Значит, взрослой ее не считали… Ишь ты, больше шестнадцати не дадут! И вот тут Женька пока не знала — обижаться или, наоборот, радоваться…

* * *

Винный магазин «Заря» располагался в самом центре города, однако не на виду, а сразу за старыми бытовыми мастерскими, на пригорке, густо поросшем кустарниками и рябиной. Очень было удобно — купил что надо да тут же, в кусточках, и выпил в хорошей компании под плавленый сырок «Дружба» за двадцать шесть копеек.

Дело шло к вечеру, и на крыльце магазинчика уже толпился народ — небольшое деревянное здание всю очередь не вмещало, а людей-то уже собралось порядочно: конец рабочего дня, а кто и пораньше ушел — ну как же тут пройдешь мимо магазина! Тем более что сегодня был привоз, и местные ханурики — Валька Карась, Юрик Нос, Колька Дебелый да Ванька Кущак — даже помогали разгружать машину… За что были удостоены устной благодарности продавщицы и, так сказать, «премии»… Сейчас они уже сидели себе в кусточках и «окучивали» третью бутылку крепленого двадцатиградусного «Солнцедара». Две пустые бутылки валялись рядом… То есть нет, конечно же, не валялись, а ждали своего часа — каждую можно было сдать в ту же «Зарю» за двенадцать копеек…

В очереди же люди все стояли солидные — трактористы в пропахших соляркой спецовках, небритые мужики в леспромхозовских робах, парочка пенсионеров и даже лица, отдаленно напоминающие интеллигенцию, — в пиджаках и шляпах! Еще вдруг откуда-то взялись две молодые женщины: милая блондиночка с косами, в голубом крепдешиновом платье — администратор Дома крестьянина Лена, и высокая, худая шатенка с шиньоном, в белом платье в горошек и бусами из янтаря на шее. Шатенку звали Ниной, и работала она в местном лесодеревообрабатывающем комбинате (ЛДОКе) бухгалтером.

— Ой, девушки! — обернувшись, один из «интеллигентов» галантно приподнял шляпу. — И вы за вином?

— А чем мы хуже вас? — засмеялась Нина. — Не знаете, импортное вино привезли? Венгерское или хотя бы болгарское?

— «Токай» привезли! Кажется, по два сорок.

— Еще «Велико Тырново». Дорогое, за трешку. Но оно с месяц уже стоит.

— Ой… мы «Токай», пожалуй, купим.

— Что, мужики? Пропустим девчонок без очереди?

— Конечно! Пусть идут!

Очередь покладисто расступилась.

— Девушки, проходите!

— Ой, спасибочки!

Ну так а что? Знакомые все кругом, можно считать — свои. Почему б и не пропустить?
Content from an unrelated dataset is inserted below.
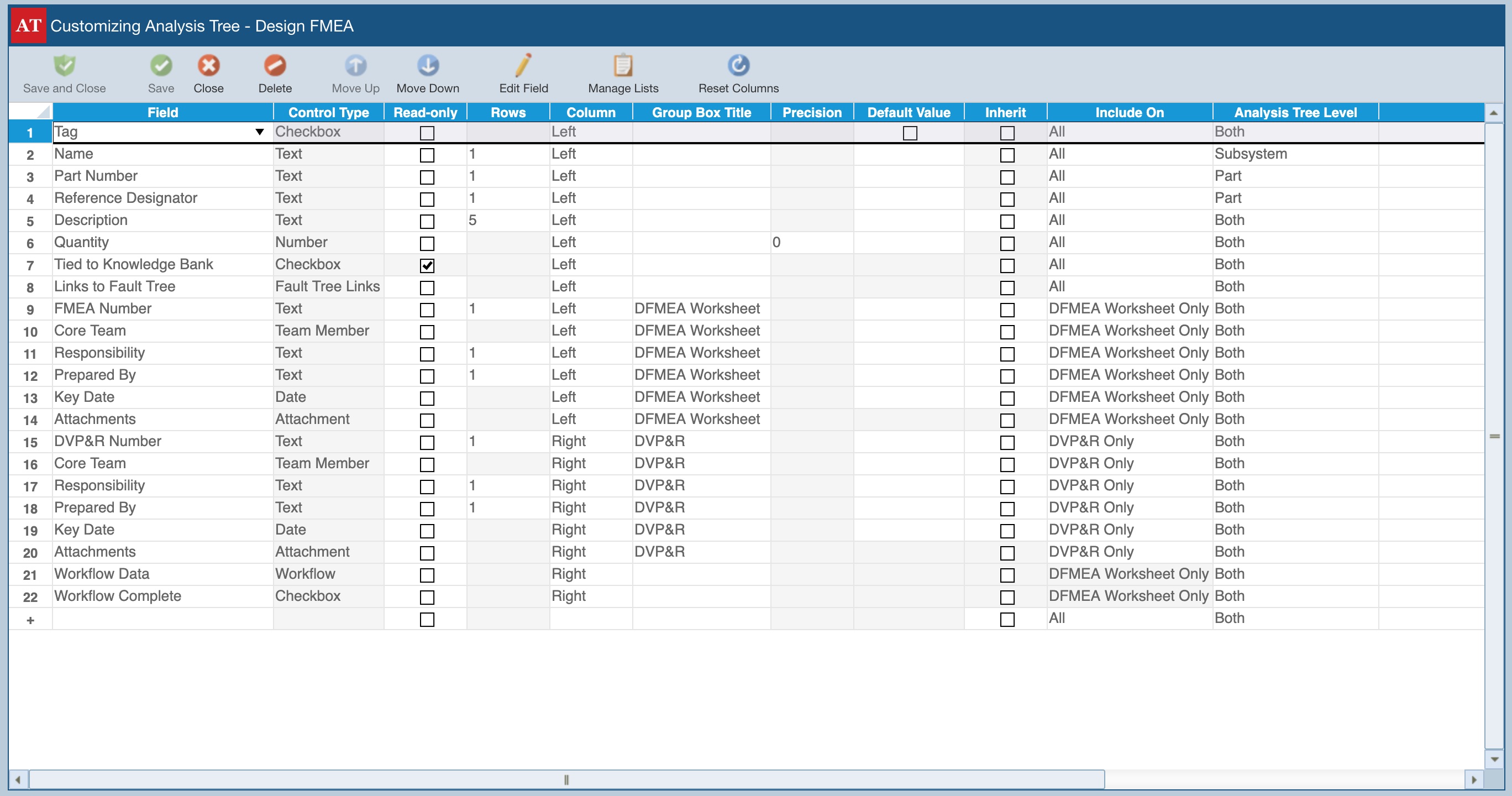 Analysis Tree Level: For Piece-Part DFMEAs, FMEA-MSRs, FMECAs, and Maintainability Predictions, you can also set whether a field should appear on the Properties Forms for Subsystems, Parts, or Both.

Очередь-то шла быстро — чай, не на развес брали! Да и за прилавком двое было — продавщица Наташа и Галина Афанасьевна — заведующая. Так что дело спорилось! Кроме вина и водки, привезли еще и свежее «Жигулевское» пиво. Мужики в основном за ним и стояли, не водку же в середине недели пить!

Стояли, разговоры разговаривали — а чем еще в очереди-то заняться?

— А вот интересно, кто во Франции после де Голля будет? Поэр или Помпиду? А, Иван Иваныч? Что скажете?

— Скажу за Поэра! Де Голль же ему пост передал.

— Так-то оно так… Да Помпиду тоже дюже прыткий!

— А про самолеты слыхали? Под Псковом два самолета столкнулись! Народу разбилось — ужас!

— Чего-то по радио не говорили…

— Ага, скажут они, как же!

— Так ведь слухи-то ходят!

— Вот именно, Иван Иваныч, — слухи! Самолеты-то не пассажирские были, а два военных транспортника. У меня зять в Пскове служит — вот я и говорю…

— Вы бы поменьше болтали! Эвон, уже и милиция тут как тут!

И в самом деле, как раз в это момент к самому крыльцу магазина подкатил небесно-голубой милицейский «Урал» с красной полосой на коляске. Заглушив двигатель, участковый Дорожкин шустро поднялся по ступенькам.

— Здравствуйте, Игорь Яковлевич! — льстиво заулыбались «интеллигенты». — Вы, часом, не продавцов арестовать явились? Магазин-то не закроют? Нам в очереди стоять?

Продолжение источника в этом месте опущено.